Information shown
★ ★ ★ ★
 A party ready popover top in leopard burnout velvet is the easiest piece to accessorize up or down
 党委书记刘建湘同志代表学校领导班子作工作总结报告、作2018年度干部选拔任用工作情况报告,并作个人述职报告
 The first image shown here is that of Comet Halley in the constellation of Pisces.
★ ★ ★ ★
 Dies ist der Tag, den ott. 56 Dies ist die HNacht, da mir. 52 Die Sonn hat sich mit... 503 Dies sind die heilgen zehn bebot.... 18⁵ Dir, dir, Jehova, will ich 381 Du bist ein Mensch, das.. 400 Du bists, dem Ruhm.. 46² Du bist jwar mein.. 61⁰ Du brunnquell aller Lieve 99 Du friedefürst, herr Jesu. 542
★ ★ ★ ★
What is needed
Look above for the line with "A party ready" and the line with "The first image"; transcribe both and all lines in between, exactly, and nothing else.

Final answer
 A party ready popover top in leopard burnout velvet is the easiest piece to accessorize up or down
 党委书记刘建湘同志代表学校领导班子作工作总结报告、作2018年度干部选拔任用工作情况报告,并作个人述职报告
 The first image shown here is that of Comet Halley in the constellation of Pisces.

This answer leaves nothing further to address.